Northern answered 15/12, 2010 at 16:9 Comment(4)
So you want to extract the first paragraph?Melindamelinde
My answer to this question may help you. The TextExtracts extension to the API allows for more or less plain text extraction from articles.Indulge
Possible duplicate of Extract the first paragraph from a Wikipedia article (Python)Cystic
Related: https://mcmap.net/q/375113/-wikipedia-text-downloadFutility
F
51

Here are a few different possible approaches; use whichever works for you. All my code examples below use requests for HTTP requests to the API; you can install requests with pip install requests if you have Pip. They also all use the Mediawiki API, and two use the query endpoint; follow those links if you want documentation.

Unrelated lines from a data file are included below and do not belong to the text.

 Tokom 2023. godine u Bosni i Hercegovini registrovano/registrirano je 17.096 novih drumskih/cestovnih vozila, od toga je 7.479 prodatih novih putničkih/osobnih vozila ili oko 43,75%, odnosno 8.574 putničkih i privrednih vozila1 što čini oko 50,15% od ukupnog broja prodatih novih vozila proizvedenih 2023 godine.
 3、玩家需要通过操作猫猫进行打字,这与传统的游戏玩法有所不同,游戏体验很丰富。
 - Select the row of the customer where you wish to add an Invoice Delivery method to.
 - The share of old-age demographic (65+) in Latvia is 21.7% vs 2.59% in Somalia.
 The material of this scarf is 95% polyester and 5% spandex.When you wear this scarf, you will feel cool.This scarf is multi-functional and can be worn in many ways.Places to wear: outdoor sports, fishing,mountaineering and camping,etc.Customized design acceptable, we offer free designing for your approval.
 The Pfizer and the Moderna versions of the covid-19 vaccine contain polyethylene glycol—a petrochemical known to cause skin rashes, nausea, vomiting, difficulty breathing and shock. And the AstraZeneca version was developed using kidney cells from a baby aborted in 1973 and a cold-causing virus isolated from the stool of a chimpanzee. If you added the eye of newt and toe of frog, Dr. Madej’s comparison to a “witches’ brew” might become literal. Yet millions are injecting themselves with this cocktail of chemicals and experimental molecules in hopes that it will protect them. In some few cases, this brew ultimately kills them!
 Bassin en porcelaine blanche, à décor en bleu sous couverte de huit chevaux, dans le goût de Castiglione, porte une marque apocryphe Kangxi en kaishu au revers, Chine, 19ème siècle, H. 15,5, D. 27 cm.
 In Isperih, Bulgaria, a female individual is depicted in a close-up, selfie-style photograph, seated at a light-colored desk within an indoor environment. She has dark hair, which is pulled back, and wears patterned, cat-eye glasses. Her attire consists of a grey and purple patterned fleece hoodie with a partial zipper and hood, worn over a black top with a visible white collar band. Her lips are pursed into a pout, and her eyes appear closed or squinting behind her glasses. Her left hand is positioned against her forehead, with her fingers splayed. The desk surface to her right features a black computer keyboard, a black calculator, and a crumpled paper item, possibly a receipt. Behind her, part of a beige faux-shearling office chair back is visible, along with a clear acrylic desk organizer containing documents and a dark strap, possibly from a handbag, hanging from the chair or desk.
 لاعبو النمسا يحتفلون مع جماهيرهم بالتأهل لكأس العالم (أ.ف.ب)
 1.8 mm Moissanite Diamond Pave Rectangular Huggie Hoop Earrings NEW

1. Get a plain text representation of either the entire page or the page "extract" straight from the API with the extracts prop

Note that this approach only works on MediaWiki sites with the TextExtracts extension. This notably includes Wikipedia, but not some smaller Mediawiki sites like, say, http://www.wikia.com/

You want to hit a URL like

https://en.wikipedia.org/w/api.php?action=query&format=json&titles=Bla_Bla_Bla&prop=extracts&exintro&explaintext

Breaking that down, we've got the following parameters in there (documented at https://www.mediawiki.org/wiki/Extension:TextExtracts#query+extracts):

  • action=query, format=json, and title=Bla_Bla_Bla are all standard MediaWiki API parameters
  • prop=extracts makes us use the TextExtracts extension
  • exintro limits the response to content before the first section heading
  • explaintext makes the extract in the response be plain text instead of HTML

Then parse the JSON response and extract the extract:

>>> import requests
>>> response = requests.get(
...     'https://en.wikipedia.org/w/api.php',
...     params={
...         'action': 'query',
...         'format': 'json',
...         'titles': 'Bla Bla Bla',
...         'prop': 'extracts',
...         'exintro': True,
...         'explaintext': True,
...     }
... ).json()
>>> page = next(iter(response['query']['pages'].values()))
>>> print(page['extract'])
"Bla Bla Bla" is the title of a song written and recorded by Italian DJ Gigi D'Agostino. It was released in May 1999 as the third single from the album, L'Amour Toujours. It reached number 3 in Austria and number 15 in France. This song can also be heard in an added remixed mashup with L'Amour Toujours (I'll Fly With You) in its US radio version.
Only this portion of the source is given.